Evidentemente, pouco mais de 24 horas não dá para percorrer todo o "The Daily Stoic# de R. Holiday e S. Hanselman, dá apenas para leituras selectivas. A geografia desta viagem é a Tolerância, por isso fui à prcura dela em todas as 366 entradas.

Se ontem quis fazer uma breve apresentação do livro que encontrei na livraria da FNAC do aeroporto de Lisboa, hoje o meu foco foi o aparecimento da palavra Tolerância na citação que abre cada uma das 366 entradas. Aparece uma vez, numa afirmação das Meditações de Marco Aurélio.
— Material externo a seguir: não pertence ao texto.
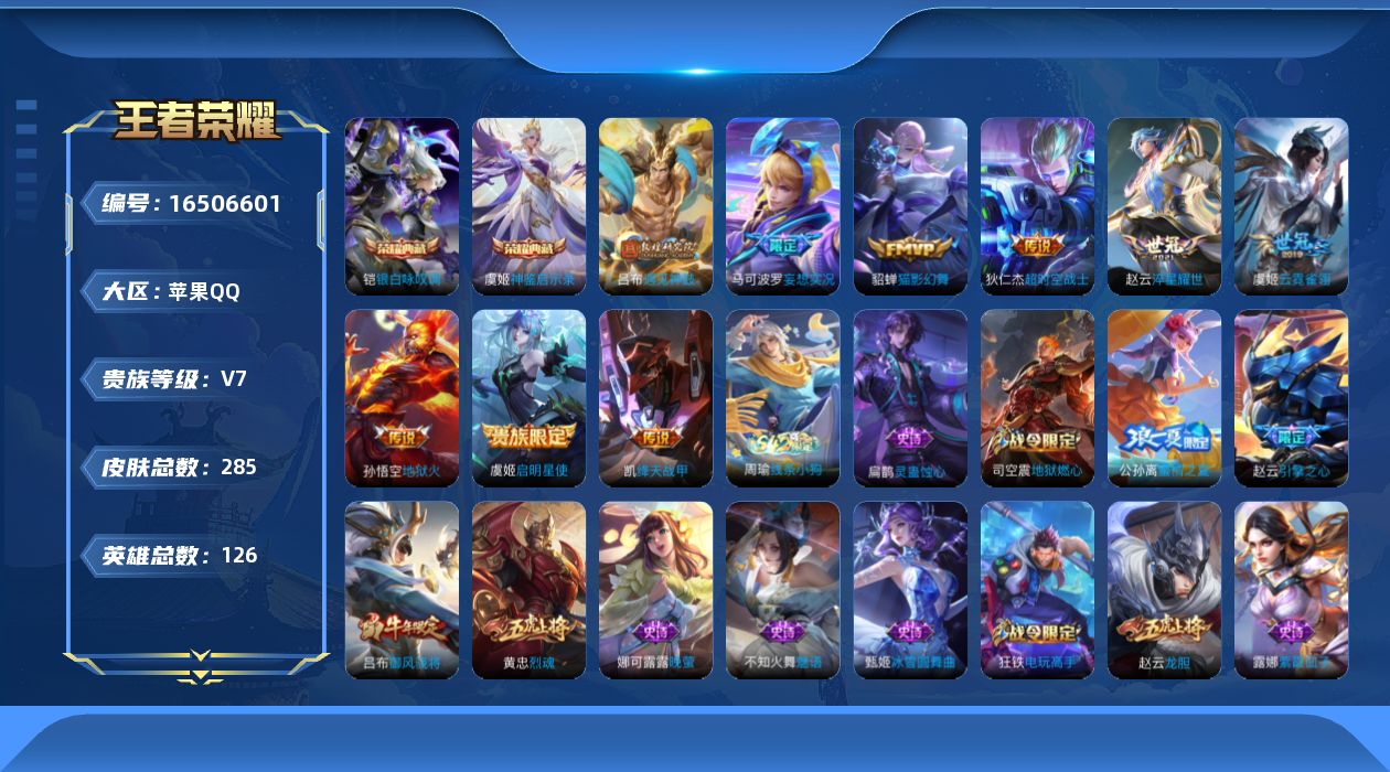 [16506601]苹果Q-V7-126英雄-285皮肤-2典藏皮肤-9传说-76史诗

Numa das primeiras estações desta viagem, escrevi que o conceito de Tolerância apareceu muitos séculos depois de Marco Aurélio. Não, não me esqueci do que escrevi nessa altura, nem estou a contradizer-me. Acontece que temos de, tentando não perder o rigor de linguagem, ser tolerantes para os tempos históricos, as línguas dos tempos históricos e as traduções, as maneiras como as coisas passam de umas línguas para outras. Adiante. O que escreveu Marco Aurélio? (os autores dizem-no na entrada do dia 22 de Outubro)
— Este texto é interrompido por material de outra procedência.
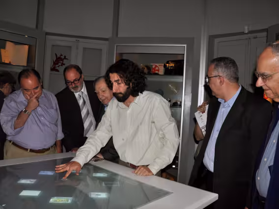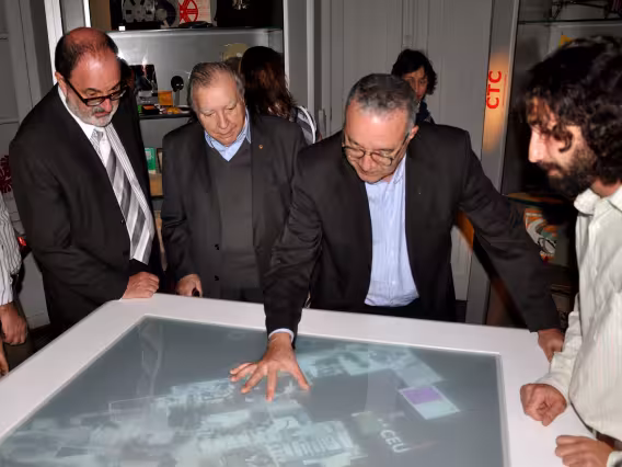 Sala Ícones, mesa interativa com fotos relativas aos quatro centros que compõem a PUC-Rio. Abertura da Exposição PUC-Rio 70 anos, Rumo aos 80.

«Alguém pode ser excelente a derrotar um adversário, mas isso não o torna mais solidário, nem mais modesto, nem mais preparado para qualquer circunstância, nem mais tolerantecom as falhas dos outros.»Marco Aurélio, Meditações, 7.52

Os autores do livro propõem a seguinte reflexão: «O auto-aperfeiçoamento é uma busca nobre. A maioria das pessoas nem sequer tenta. Mas, entre as que o fazem, é fácil que a vaidade e a superficialidade corrompam esse processo.

»Queres abdominais definidos porque te desafiaste e te comprometeste com um objetivo difícil? Ou porque queres impressionar os outros quando tiras a camisola? Estás a correr essa maratona porque queres testar os teus limites ou porque estás a fugir dos problemas em casa?
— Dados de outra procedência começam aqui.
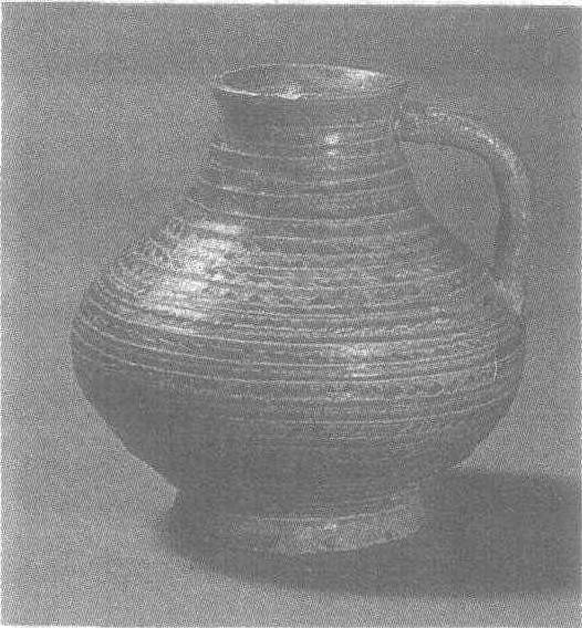 西周。高13.9厘米,口径6厘米。1959年安徽省屯溪市出土。北京中国历史博物馆藏。壶侈口,短颈,溜肩,硕腹,圈足,颈腹间安一桥形鋬。通体有弦纹和一道道点状纹,装饰性很强。外表施黄褐色釉,釉色莹亮,其呈色具有安徽地区墓葬出土的原始瓷器的典型性。原始瓷见“青褐釉原始瓷尊”条目。

»A nossa vontade não deve ser dirigida a tornar-nos alguém em excelente forma física ou com várias línguas dominadas, mas sem tempo nem paciência para os outros. De que serve vencer no desporto se falhas na tentativa de ser um bom marido, esposa, pai, mãe, filho ou filha?»

E rematam com o seguinte aviso-sugestão: «Não confundamos tornar-nos melhores em algo com tornar-nos pessoas melhores. Uma dessas coisas é uma prioridade muito maior do que a outra.»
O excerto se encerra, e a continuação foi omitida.